Device manufacturers carefully select codecs to maximize the performance of their equipment for a given application. One example is the camcorder. The camcorder has limited processing power, constrained by the need to run off batteries. High compression ratios may be required to get similar record times that cameramen had with videotape, and also to lower data rates to the capabilities of the recording medium.

One reason tape is not dead is that HDCAM-SR can record at 440Mb/s or 880Mb/s. It is challenging to record to solid-state drives at that rate, although it will come, and optical drives only support 50Mb/s. A P2 card uses four memory chips with striping to get guaranteed 100Mb/s recording.

The result of these constraints is that cameras use a compression scheme tailored to a power budget and to suit the chosen media format. In post, the ideal format would be to use 4:4:4 color sampling, but lower data rates, 4:2:2 or even 4:2:0/4:1:1, are used by camcorders. This compromise works if due regard is given to the processing that will be used in post. Matting and compositing needs more color resolution than simple editing, with just cuts and dissolves, so the camera format must be chosen to match the job.

Editing

An NLE has a different set of constraints. The CPUs, computer backplane, network interfaces and disk controllers all present potential bottlenecks when handling HD video. If many video layers are to be handled simultaneously on regular workstations,compression is needed, hence Avid's DNxHD and Apple's ProRes. These formats allow current workstations to handle HD editing with ease, something that would not be possible with uncompressed HD.

Just as camcorders wait for advances in flash memory, there will come a time when NLEs can handle HD on affordable platforms. Today, however, these compression formats specially developed for editing applications offer good video quality, but at reduced bit rates.

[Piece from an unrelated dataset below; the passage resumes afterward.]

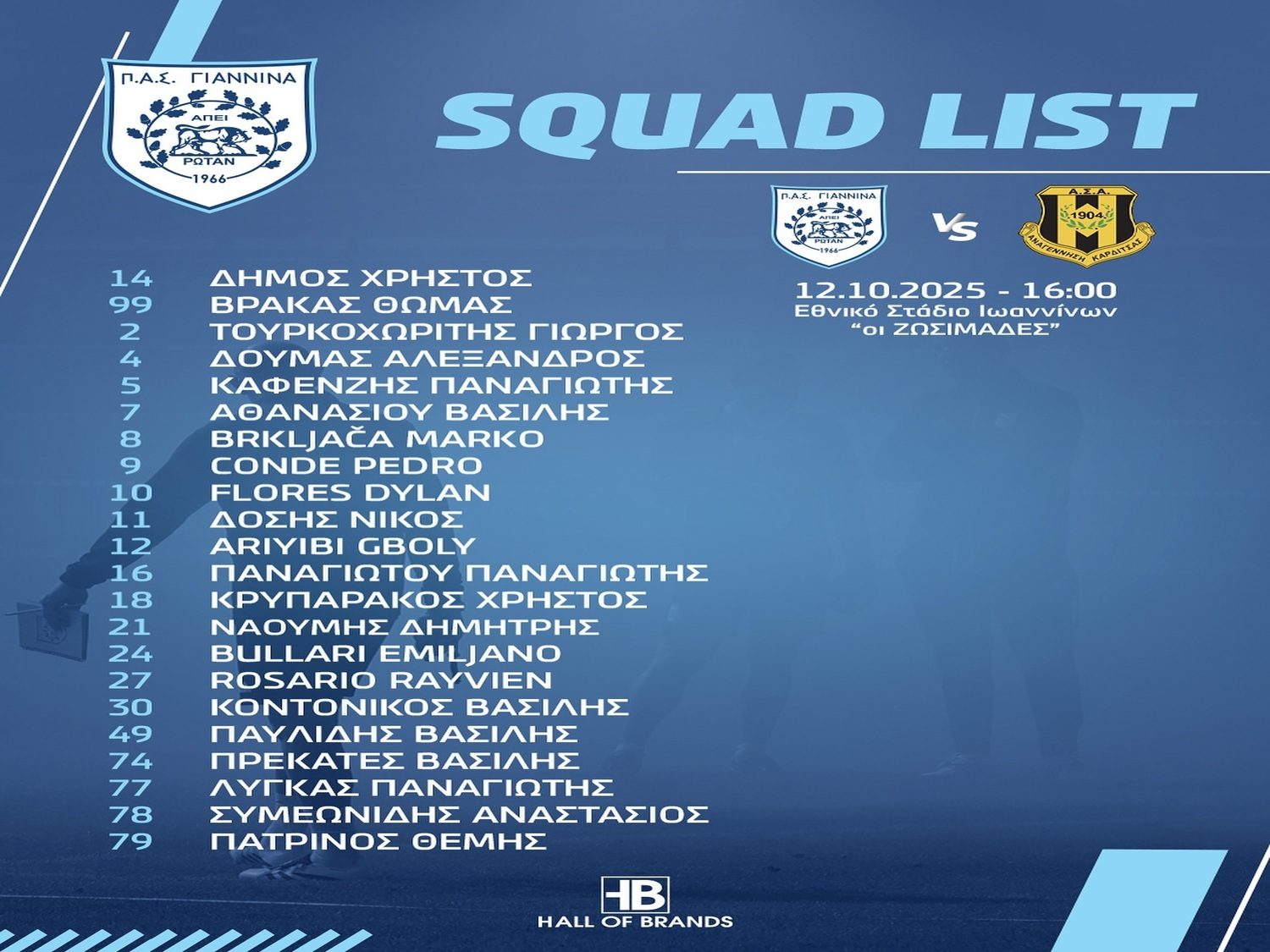 Τους 22 ποδοσφαιριστές που αποτελούν την αποστολή του ΠΑΣ Γιάννινα ενόψει της σημερινής αναμέτρησης στο "Ζωσιμάδες" με την Αναγέννηση Καρδίτσας για την 5η αγωνιστική του Α' ομίλου της Super League 2, ανακοίνωσε ο προπονητής Νίκος Κούστας. Στην 22άδα βρίσκεται και ο Ισπανός αρχηγός Πέδρο Κόντε προκειμένου να εμψυχώσει περισσότερο τους συμπαίκτες του ενόψει του σημερινού αγώνα.

Still, benefits include the necessity for less storage, and the bandwidth demands on storage networks are lower.

Playout

In playout, a different set of constraints comes to the fore. For multichannel playout, large numbers of files have to be loaded to the play-to-air servers and moved between them to meet the demands of traffic and scheduling. This calls for files to be as small as possible within the given quality requirements. However, the files need no further processing, unlike the need for compositing and VFX in the edit suit, so long-GOP MPEG is a common format in this application, with data rates of 10Mb/s to 20Mb/s popular for SD and 50Mb/s and up for HD.

Archive

Most programs will be used again, so they must be encoded from the edit format to a suitable format for archiving to replace the old operation of “printing” to videotape. The long-GOP playout format is not the best choice for anything that is to be repurposed. Instead, an I-frame-only format is the popular choice, typically 50Mb/s for SD.

The archive format should be one that can be played in years to come, so an international standard would be a better choice than a proprietary format that may have been used for editing.

All these conflicting requirements lead to the less-than-ideal situation in which many codecs are needed for a complete broadcast workflow: One size does not fit all. A typical workflow would be a codec for acquisition, one for editing, one for archive and possibly many for distribution as HD, SD, Web, mobile, etc. The favorite format for Web is proving to be AVC (H.264).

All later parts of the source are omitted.